Fmoc-protected amino acid derivatives, coupling reagents, and Rink amide p-methylbenzhydrylamine (MBHA) resin were purchased from Calbiochem-Novabiochem (Laufelfingen, Switzerland). All phospholipids were purchased from Avanti Polar Lipids (Alabaster, AL). Reagents (piperidine and pyridine) for solid-phase peptide synthesis were purchased from Fluka (Milan, Italy). Trifluoroacetic acid and acetic anhydride were from Applied Biosystems (Foster City, CA). H₂O, N,N dimethylformamide, and CH₃CN were supplied by Labscan Ltd. (Dublin, Ireland). Dulbecco’s Modified Eagle’s Medium/Nutrient Mixture F-12, fetal bovine serum, penicillin-streptomycin, HEPES buffer, gentamicin and bFGF were purchased from Invitrogen (Carlsbad, CA, USA). Cell culture flasks (75 cm²), 12-well cell culture plates, collagen type IV mouse and fibronectin human plasma were obtained from Becton-Dickinson (Franklin Lakes, NJ, USA). Bovine serum from platelet poor plasma (Clinisciences, Nanterre, France). Lucifer Yellow CH, dilithium salt, hydrocortisone and puromycin were from Sigma-Aldrich (St Louis, MO, USA). Polyethylene hanging cell inserts for 12-well plates (porosity: 1 µm; surface: 1.1 cm²) were purchased from Millipore (Burlington, MA, USA).

Animals

Procedures involving animals conform to National and European regulations (EU directive N°2010/63) and to authorizations granted to our animal facility (N°C13 055 08), to the INP laboratory and to the project (N°00757.02) by the Ethics Committee of the Aix Marseille University and the French Ministry of Research. All efforts were made to minimize animal suffering and reduce the number of animals used. We used Swiss CD1 mice 35 g and Wistar rat 5–6 weeks (Elevage Janvier, St Berthevin, France).

Peptide synthesis

The gH625Cys and PACAP27 peptides were synthesized using a standard solid-phase Fmoc (9-fluorenylmethoxycarbonyl) method as previously reported⁶⁷ and were obtained with good yields (30–40%). PACAP27 was prepared with and without Rhodamine labeled (5(6)-Carboxytetramethylrhodamine N-succinimidyl ester). Labeling was performed on resin-bound peptides as previously reported⁶⁸. Peptides were fully deprotected and cleaved from the resin with trifluoroacetic acid. The crude peptides were precipitated with icecold ethyl ether, filtered, dissolved in water, lyophilized, and purified by preparative reverse-phase HPLC. The samples were eluted with a solvent mixture of H₂O and 0.1% trifluoroacetic acid (solvent A) and CH₃CN and 0.1% trifluoroacetic acid (solvent B). A linear gradient of 20–80% solvent B over 20 min at a flow rate of 20 ml/min was employed. The collected fractions were lyophilized to dryness and analyzed by mass spectrometry. For the synthesis of DSPE-PEG2000-gH625, DSPE-PEG2000-Mal (1 eq) was reacted with gH625-Cys (1 eq) in DMF containing triethylamine (5 eq) for 24 h. After the completion of the reaction, the solvent was evaporated, and the residue was redissolved in water, lyophilized and analyzed by RP-HPLC. Products were analyzed by MALDI-TOF mass spectrometry (MALDI-TOF MS). The peptides were stored at −20 °C until used.

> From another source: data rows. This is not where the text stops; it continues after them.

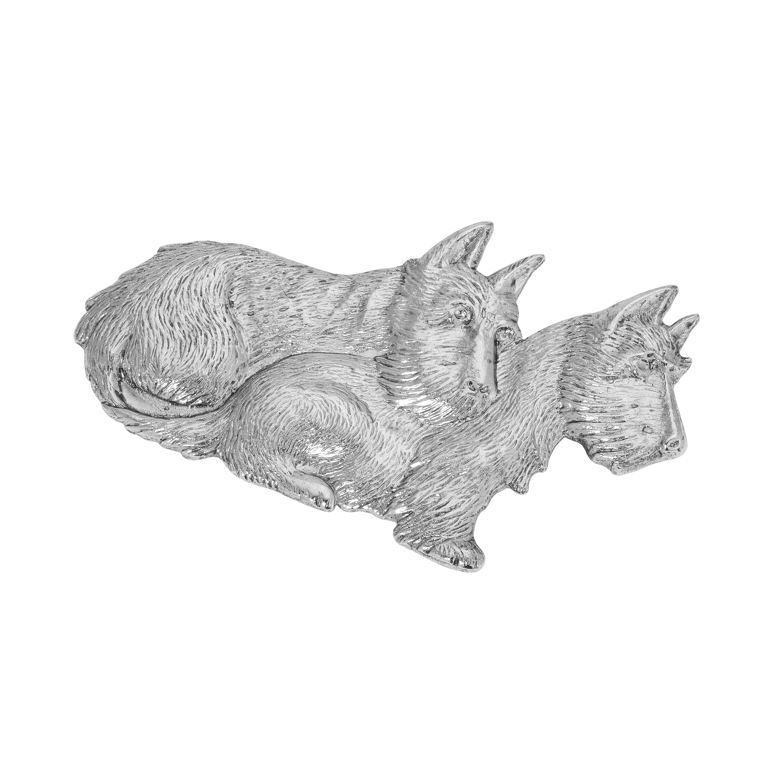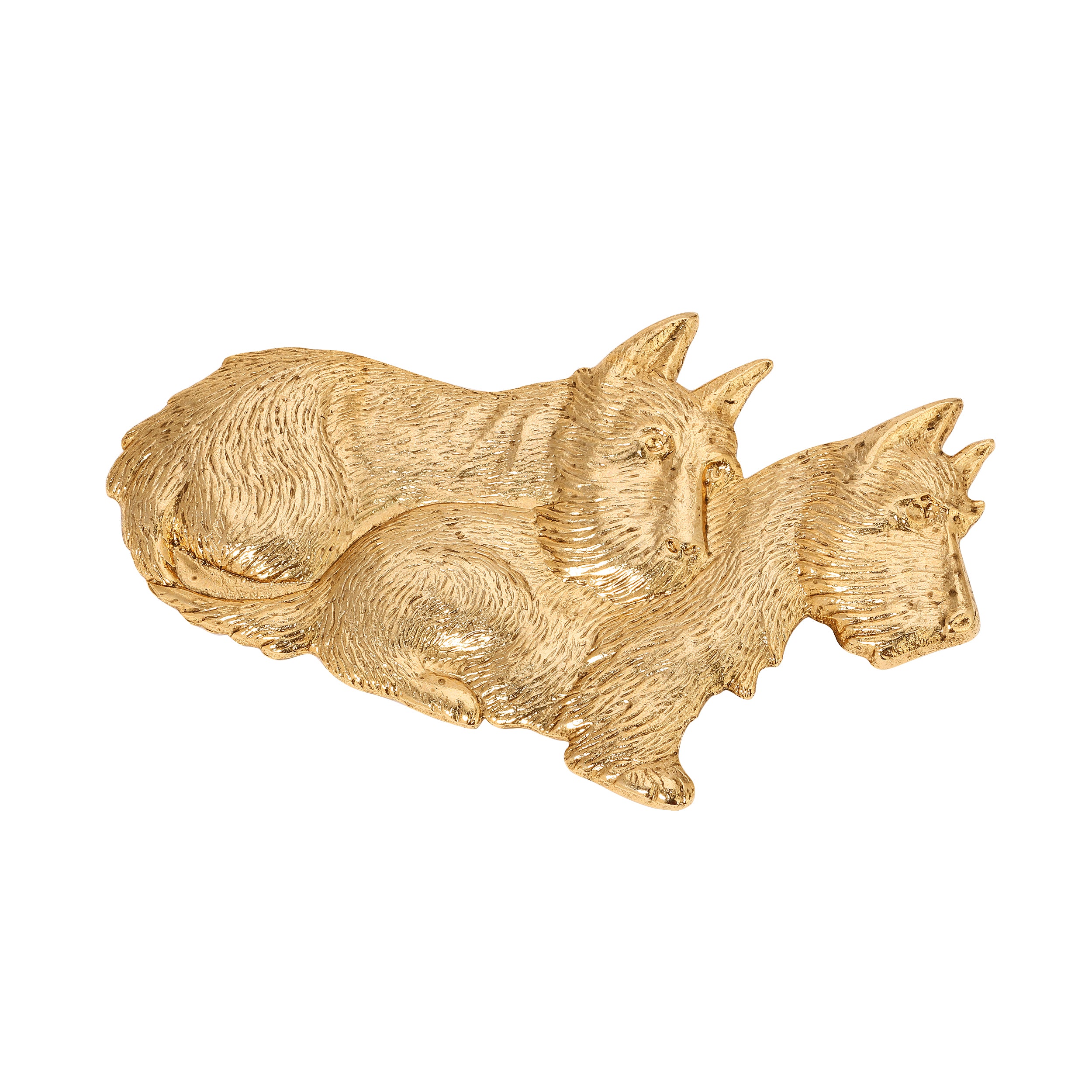 This brooch features two resting terrier dogs rendered in sculptural detail, their textured fur and gentle forms creating a sense of quiet companionship. The finish highlights the contours of each figure, giving the piece depth and subtle shine. A distinctive accent for jackets, scarves, or bags, it brings a touch of nature-inspired charm to any look.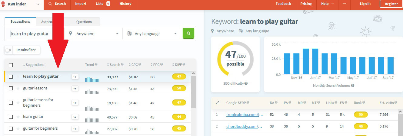 As we can see from the above image, ‘learn to play guitar’ is a more popular search topic than ‘guitar lessons for beginners’. If you were thinking about writing a book of this nature, you would already have a clearer idea of what people really want.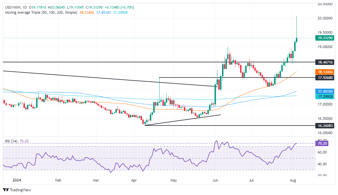 Technical analysis: Mexican Peso depreciates sharply as USD/MXN rises above 19.30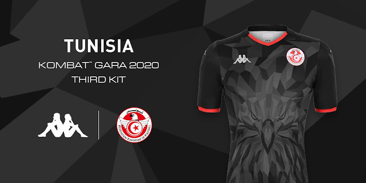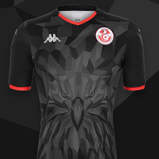 Das dritte neue Kappa Tunesien 2019-2020 Trikot ist schwarz mit einem umwerfenden Adler im Zentrum des Trikots. Es ist eine offensichtliche Anspielung auf die Adler von Karthago. Die Fußball-Auswahl trägt den Spitznamen seit vielen Jahren.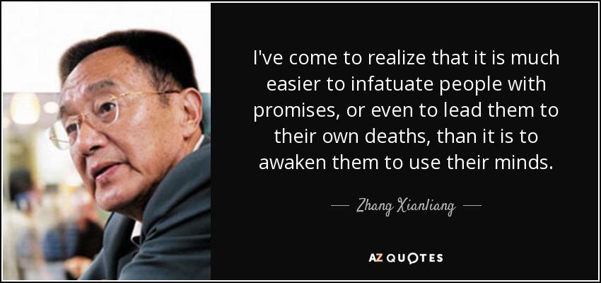 I've come to realize that it is much easier to infatuate people with promises, or even to lead them to their own deaths, than it is to awaken them to use their minds.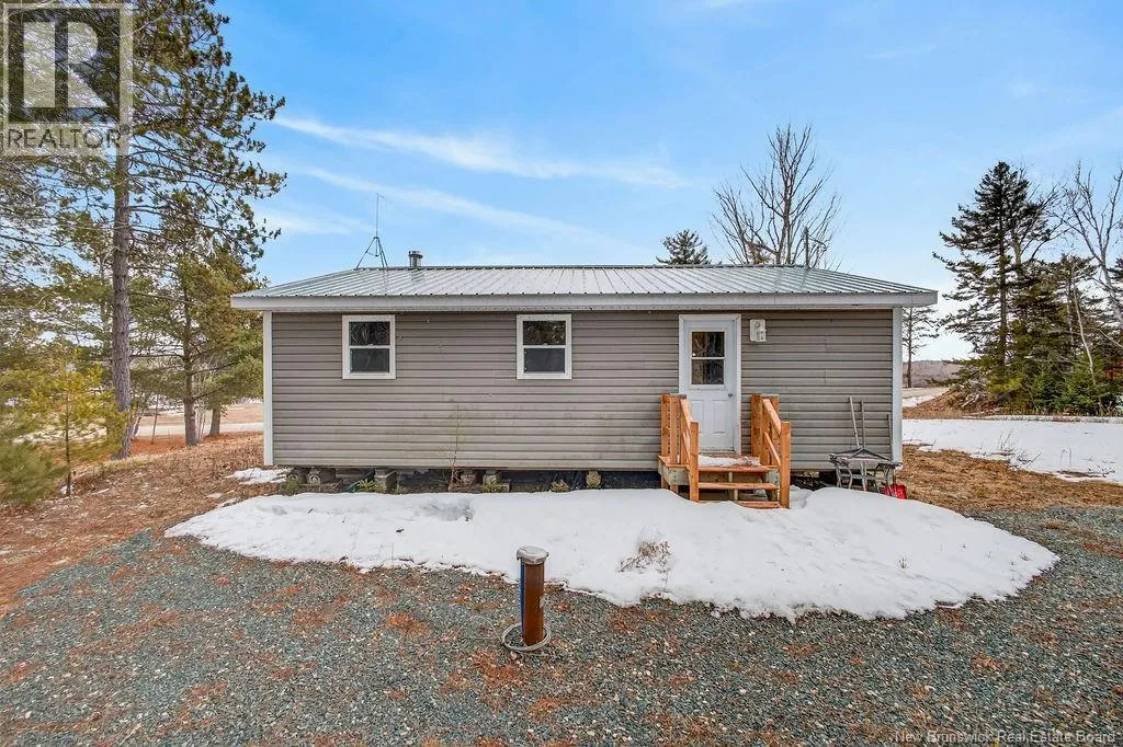 Take Route 420 from Eel Ground, cross the bridge on the right onto Halcomb Road, and follow to 1056 Halcomb Rd Perched on a gradual hill overlooking the Southwest Miramichi River, this 1-acre property offers privacy, mature trees, and plenty of space to expand or further develop. The camp was started and remains semi-finished, presenting a solid structure that is nearly new and ready for your finishing touches. The layout has been thoughtfully designed for 2 bedrooms, 1 bathroom, and an open-concept living and kitchen area, positioned to take full advantage of natural light and river views. The second bedroom is framed but not completed, and the bathroom is also semi-finished, with space in place for a stand-up shower. Many construction materials are already on site, allowing you to continue the build with ease. Exterior improvements include a metal roof, vinyl siding, and vinyl windows. The lot is located in an area known for river-view camps as well as some year-round homes, offering flexibility for seasonal use or future conversion to a full-time residence. There is ample space to add a garage, and the setting would be ideal for a full-length front patio. Imagine taking in evening sunsets over the river. Heating and utilities are partially in place, including a wood stove, thermostats installed for electric baseboard heating (baseboards still in new packaging), and an owned hot water tank. This property offers an opportunity to create your own river-view retreat in a location long appreciated for its fishing and natural surroundings. Property and appliances are sold as-is, where-is (id:27476)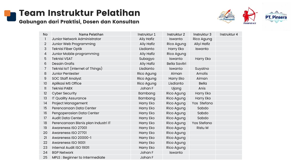 • Jenis Pelatihan

Preparation and characterization of liposomes

Large unilamellar vesicles (LUV) consisting of DPPC/Chol (70/30 mol/mol) were prepared as previously reported (Galdiero et al., 2005)⁶⁷. Lipid concentrations of liposome suspensions were determined by phosphate analysis⁶⁹ Briefly, various amounts of lipids and when necessary DSPE-PEG2000-gH625 and/or PACAP-Rho were dissolved in chloroform. The solvent was then removed with a nitrogen gas stream and the sample was lyophilized overnight. The lipid film was suspended in buffer by vortexing to produce LUVs, freeze-thawed eight times and then extruded 10 times through polycarbonate membranes with 0.1 µm diameter pores (Northern Lipids). PACAP-Rho encapsulated in liposomes was quantified by ultracentrifugation followed by HPLC analysis. The hydrodynamic diameters (DH) and polydispersity index (PDI) of PACAP-Rho loaded liposomes (Lipo) and PACAP-Rho loaded gH625-liposomes (gH625-Lipo) were measured using dynamic light scattering (DLS) (Malvern Zetasizer Nano ZS, Malven, UK). The analysis was performed with He–Ne laser 4 mW operating at 633 nm at scattering angle fixed at 173 °C and at 25 °C.

Rat in vitro BBB model

Primary rat brain microvascular endothelial cells (BMEC) and primary astrocytes necessary for setting up a rat in vitro BBB co-culture model were obtained as reported (Molino et al.^65,66. Briefly, primary cultures of BMECs, from 5- to 6-week-old Wistar rats, were seeded in the luminal compartment of twelve-well plate polyethylene insert filters (Merck Millipore, Billerica, MA, USA), pre-coated with collagen type IV and fibronectin (BD Biosciences, Franklin Lakes, NJ, USA) to establish the endothelial cell monolayers. Astrocyte primary cultures were prepared from the cerebral cortex of newborn Wistar rats and seeded in the bottom of the twelve-well plates to establish the co-culture with the endothelial cell monolayers in endothelial cell media (ECM) containing DMEM/F12 supplemented with 20% bovine platelet poor plasma derived serum (Alfa Aesar, Ward Hill, MA, USA), basic fibroblast growth factor (bFGF) 2 ng/mL, heparin 100 μg/ mL, gentamycin 50 μg/mL, HEPES 2.5 mM, and hydrocortisone 500 nM (Life Technologies, Carlsbad, CA, USA). Under these conditions, the BMEC monolayers differentiate, express junction-related proteins within 3 days, and remain optimally differentiated during three more days.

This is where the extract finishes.